# ultra dma mode-5,S.M.A.R.T. CAPABLE BUT DISABLED



## fejl9331 (Oct 19, 2010)

I am having the same problem. I added two drives WD Caviar Green (2TB). I initialized both of them then shutdown. Went to turn on the computer and it stops during bios saying Ultra DMA Mode-5 SMART Capable but Disabled. I try to get into bios and it just freezes because it cannot start windows 7 Ultimate. Please HELP!!


----------



## dai (Jul 2, 2004)

try a cmos reset

when you do manage to get into the bios enable

smart

what are you running
video card
cpu
m/board
ram
power supply
brand
model
wattage


----------



## fejl9331 (Oct 19, 2010)

Thank You for replying to this thread.

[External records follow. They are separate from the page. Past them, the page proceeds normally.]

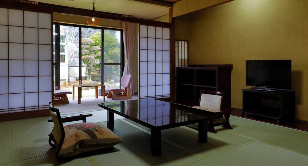 新館和室12畳バストイレ付き少し広めの12畳タイプ。ゆったりと和のくつろぎをご満喫いただけます。
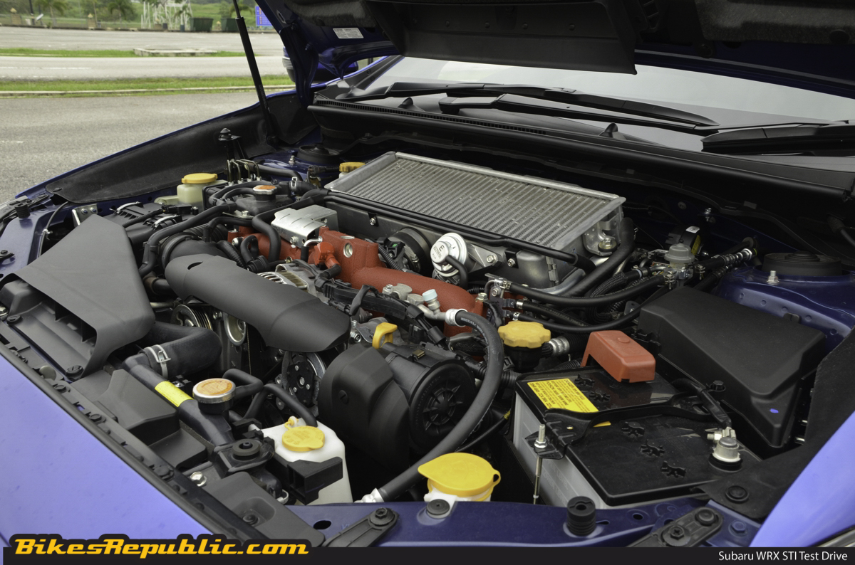 For many purists, the fun on board only comes when you push this fourth generation WRX STI’s engine start-stop button to awaken the fire-breathing heart sitting up-front under the hood. True, the ‘Rex’s turbocharged 2.5-litre DOHC horizontally-opposed or ‘boxer’ flat four-cylinder mill is indeed an ageing one, but even in an age that favours more intelligent mills, the ‘Rex’s heart is still quite a menacing thing as it makes a whopping 296hp and 407Nm of torque altogether.
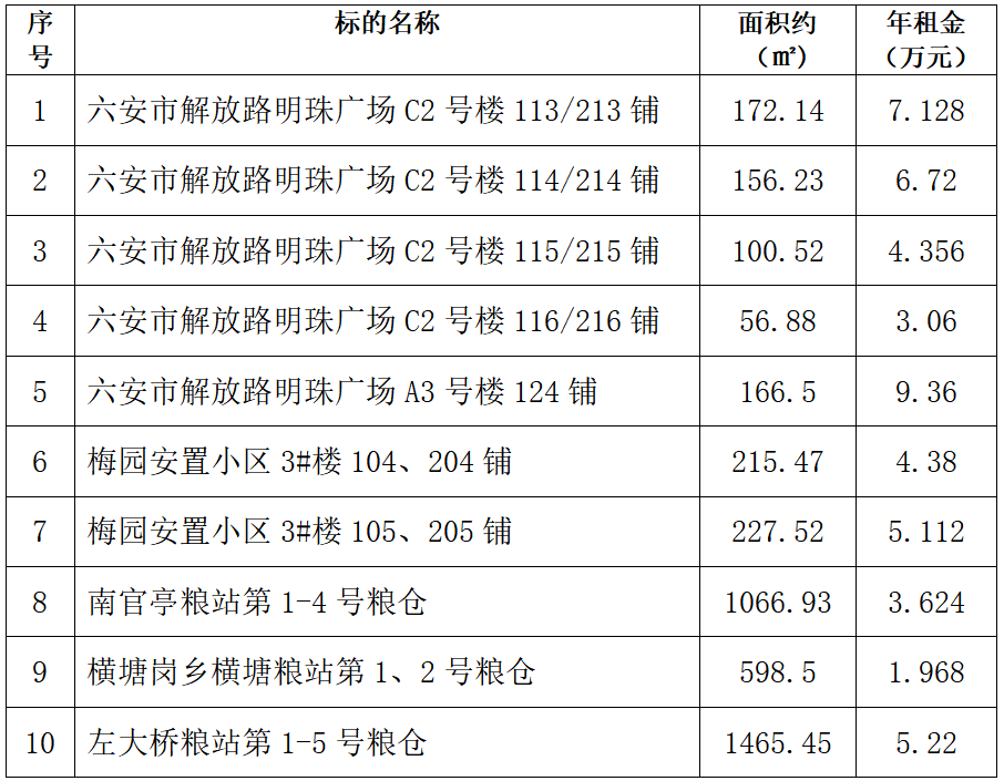 一、拍租標的:明珠廣場、梅園小區(qū)商鋪及糧站倉庫3年期租賃經(jīng)營權,標的詳情見下表:
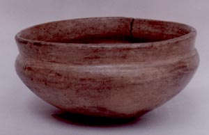 Cuenco de pared curvo convergente, base plana, borde redondeado. Decoración: presenta un cuello corto.

I am running:
Two HD 5770 ATI Graphics Cards
Intel i7 930 CPU
ASRock X58 Extreme Motherboard
6 GB of Ram
PSU: Rocketfish Model RF-700WPS2 w/ Active PFC 700 Watt

I will give this a shot. Thanks


----------



## speedster123 (Oct 18, 2006)

i would have to say the rocketship is inadequate for your 2 video cards, even though it is expensive.


----------



## fejl9331 (Oct 19, 2010)

What do you recommend? I was told this would be fine. It was given to me anyway. Should I go to a 1000 watt? If so what brand? Thanks


----------



## dai (Jul 2, 2004)

here or better

http://www.newegg.com/Product/Produ...er+Supplies-_-Corsair+Memory++Inc.-_-17139009

http://www.techsupportforum.com/f210/power-supply-information-and-selection-192217.html


----------



## fejl9331 (Oct 19, 2010)

Thank You.... I will purchase this PSU asap..Also I did get into bios and turned SMART on. Everything is good. Thanks for the help...


----------



## speedster123 (Oct 18, 2006)

the corsair psu will do a better job of protecting your system, good luck.


----------